I saw this post link but the proposed solution is not correct. I also saw this post link and I tried this 2 solutions:
solution A:
rules <- rules[!is.redundant(rules)]
but the result is always the same:
inspect(head(rules))
lhs rhs support confidence lift count
[1] {252-ON-OFF} => {L30-ATLANTIC} 0.04545455 1 22 1
[2] {L30-ATLANTIC} => {252-ON-OFF} 0.04545455 1 22 1
[3] {252-ON-OFF} => {M01-A molle biconiche} 0.04545455 1 22 1
[4] {M01-A molle biconiche} => {252-ON-OFF} 0.04545455 1 22 1
[5] {L30-ATLANTIC} => {M01-A molle biconiche} 0.04545455 1 22 1
[6] {M01-A molle biconiche} => {L30-ATLANTIC} 0.04545455 1 22 1
Solution B:
# find redundant rules
subset.matrix <- is.subset(rules, rules)
subset.matrix[lower.tri(subset.matrix, diag=T)]
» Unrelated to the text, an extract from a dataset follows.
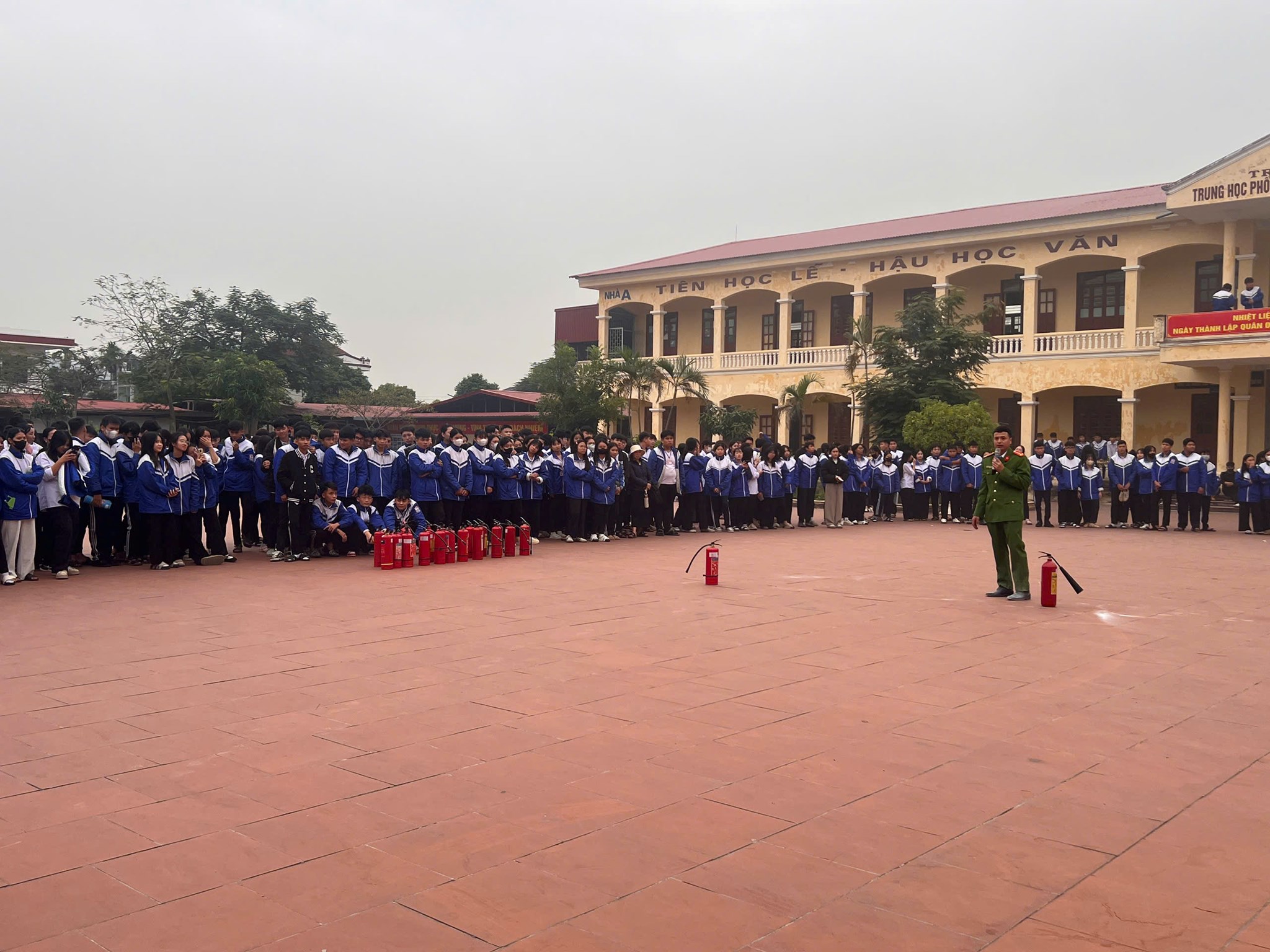 Sau phần tuyên truyền, nhà trường phối hợp cùng lực lượng chức năng tổ chức thực tập tình huống giả định: xử lý đám cháy phát sinh tại dãy nhà học tập. Buổi diễn tập diễn ra an toàn tuyệt đối về người và tài sản, góp phần nâng cao ý thức, kỹ năng ứng phó sự cố cho thầy và trò.
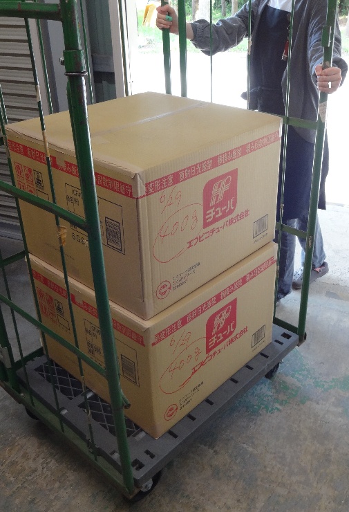 資材同様バスケットへ行先別に入れ、次の工程にお届けです

redundant <- colSums(subset.matrix, na.rm=T) > 1
which(redundant)
rules.pruned <- rules[!redundant]
inspect(rules.pruned)
lhs rhs support confidence lift count
[1] {} => {BRC-BRC} 0.04545455 0.04545455 1 1
[2] {} => {111-WINK} 0.04545455 0.04545455 1 1
[3] {} => {305-INGRAM HIGH} 0.04545455 0.04545455 1 1
[4] {} => {952-REVERS} 0.04545455 0.04545455 1 1
[5] {} => {002-LC2} 0.09090909 0.09090909 1 2
[6] {} => {252-ON-OFF} 0.04545455 0.04545455 1 1
[7] {} => {L30-ATLANTIC} 0.04545455 0.04545455 1 1
[8] {} => {M01-A molle biconiche} 0.04545455 0.04545455 1 1
[9] {} => {678-Portovenere} 0.04545455 0.04545455 1 1
[10] {} => {251-MET T.} 0.04545455 0.04545455 1 1
[11] {} => {324-D.S.3} 0.04545455 0.04545455 1 1
[12] {} => {L04-YUME} 0.04545455 0.04545455 1 1
[13] {} => {969-Lubekka} 0.04545455 0.04545455 1 1
[14] {} => {000-FUORI LISTINO} 0.04545455 0.04545455 1 1
[15] {} => {007-LC7} 0.04545455 0.04545455 1 1
[16] {} => {341-COS} 0.04545455 0.04545455 1 1
[17] {} => {601-ROBIE 1} 0.04545455 0.04545455 1 1
[18] {} => {608-TALIESIN 2} 0.04545455 0.04545455 1 1
[19] {} => {610-ROBIE 2} 0.04545455 0.04545455 1 1
[20] {} => {615-HUSSER} 0.04545455 0.04545455 1 1
[21] {} => {831-DAKOTA} 0.04545455 0.04545455 1 1
[22] {} => {997-997} 0.27272727 0.27272727 1 6
[23] {} => {412-CAB} 0.09090909 0.09090909 1 2
[24] {} => {S01-A doghe senza movimenti} 0.09090909 0.09090909 1 2
[25] {} => {708-Genoa} 0.09090909 0.09090909 1 2
[26] {} => {998-998} 0.54545455 0.54545455 1 12
Has anyone had the same problem and knows how to solve it? Thanks for your help
The issue is your dataset, not the algorithm. In the result, you see that the count of many rules is 1 (item combination occurs once in the transactions) and confidence is 1 for the rule and its "inverse." This means that you need more data and increase the minimum support.
If you still want to get rid of such "duplicate" rules efficiently, then you can do the following:
> library(arules)
> data(Groceries)
> rules <- apriori(Groceries, parameter = list(support = 0.001))
> rules
set of 410 rules
> gi <- generatingItemsets(rules)
> d <- which(duplicated(gi))
> rules[-d]
set of 385 rules
The code only keeps the first rule of each set of rules with exactly the same items.